Non-interventional study design

Cross-sectional
Study drug and medical condition

Medicinal product name

SPIRIVA RESPIMAT

Medicinal product name, other

ICS/LABA, LTRA

Study drug International non-proprietary name (INN) or common name

TIOTROPIUM BROMIDE

Anatomical Therapeutic Chemical (ATC) code

(R03BB04) tiotropium bromide
tiotropium bromide

Medical condition to be studied

Asthma
Population studied

Short description of the study population

The study population will be asthmatic patients who were prescribed ICS/LABA FDC before the index date and who initiated Spiriva Respimat, or received a higher dose of ICS/LABA FDC, or initiated LTRA, or switched to a new ICS/LABA FDC from the previous ICS/LABA FDC in the UK during the study period (September, 2014-December 31, 2017).

Age groups

  • Adults (18 to < 46 years)
  • Adults (46 to < 65 years)
  • Adults (65 to < 75 years)
  • Adults (75 to < 85 years)
  • Adults (85 years and over)

Estimated number of subjects

500
Study design details

Study design

This study is a cross-sectional, non-interventional study based on existing data (NISed).

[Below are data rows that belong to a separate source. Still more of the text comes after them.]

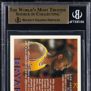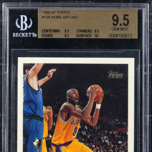 Graded GEM MINT 9.5 by BGS. Want a "blue chip" Hall of Fame rookie card with enormous upside potential? Then look no further than the offered 1996-1997 Topps Basketball #138 Kobe Bryant rookie card! This high-end premiere of "The Black Mamba" boasts the following sub-grades: Centering: 9.5; Corners: 9.5; Edges: 9.5 and Surface: 10.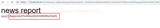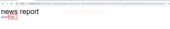 (4)暴數據庫http://112.44.218.141:2014/system_skkkwwwwqad/index.php?id=-2 union select 1,database()#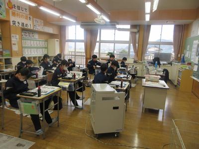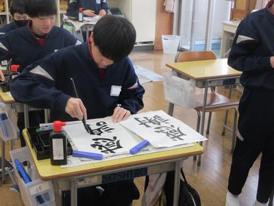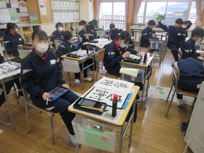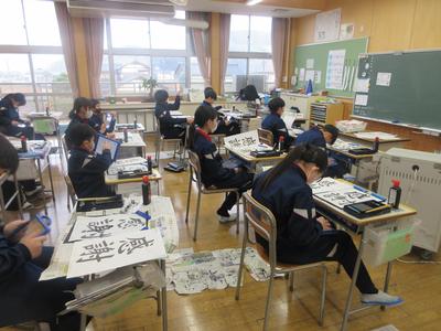6年生は書写の時間に「感謝」という言葉を書きました。書くポイントを確認して、丁寧に仕上げていました。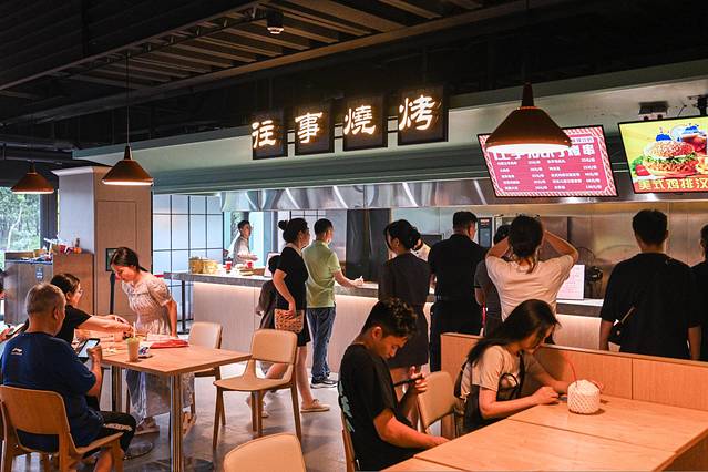 可以去千古情餐厅品尝本地特色精致美味,或者去往事烧烤吃特色烤串,美味多样!连tims咖啡都有!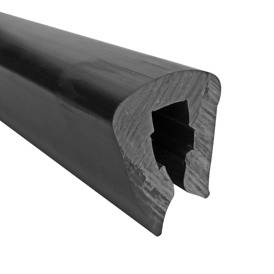 Привальный брус Т167 поставляется на отрез по метрам, либо в бухтах по 20 и 25 метров (обращайте внимание на названия). Ширина профиля 49 мм, высота– 58.8 мм, а внутренний размер – 21 мм. Монтаж изделия производится на готовую направляющую, брус крепится как на прямые, так и изогнутые направляющие.

The UK CPRD data will be used to assess the characteristics of asthma patients who were prescribed ICS/LABA FDC before the index date and who initiated Spiriva Respimat, or received a higher dose of ICS/LABA.

Main study objective

The main objective of the study is to describe the clinical and socio-demographic characteristics of asthma patients prior to the initiation of Spiriva Respimat for the treatment of Asthma within a general clinical population using the Clinical Practice Research Database (CPRD).

Comparators

Asthma patients who initiated a higher dose of ICS/LABA FDC, or LTRA, or alternatively those who switched from the previous ICS/LABA FDC to a new ICS/LABA FDC (for the secondary objective).

Outcomes

The primary outcome is whether patient has Cardiac arrhythmias on the index date or in the year prior to the index date. The secondary outcome is whether patient has Cardiac failure on the index date or in the year prior to the index date.

Data analysis plan

Patient characteristics will be tabulated and summarized for all new users of Spiriva Respimat. In addition, patient characteristics will be tabulated for the patients that initiated or switched to the other available treatments. Patient characteristics will be compared among patients who initiated Spiriva Respimat and patients in other treatment groups. Analyses will be conducted in unmatched cohorts and differences between Spiriva Restinmat and each of the other exposure groups will be assessed using absolute standardized differences (ASD),where an ASD of at least 10% will be considered a meaningful difference.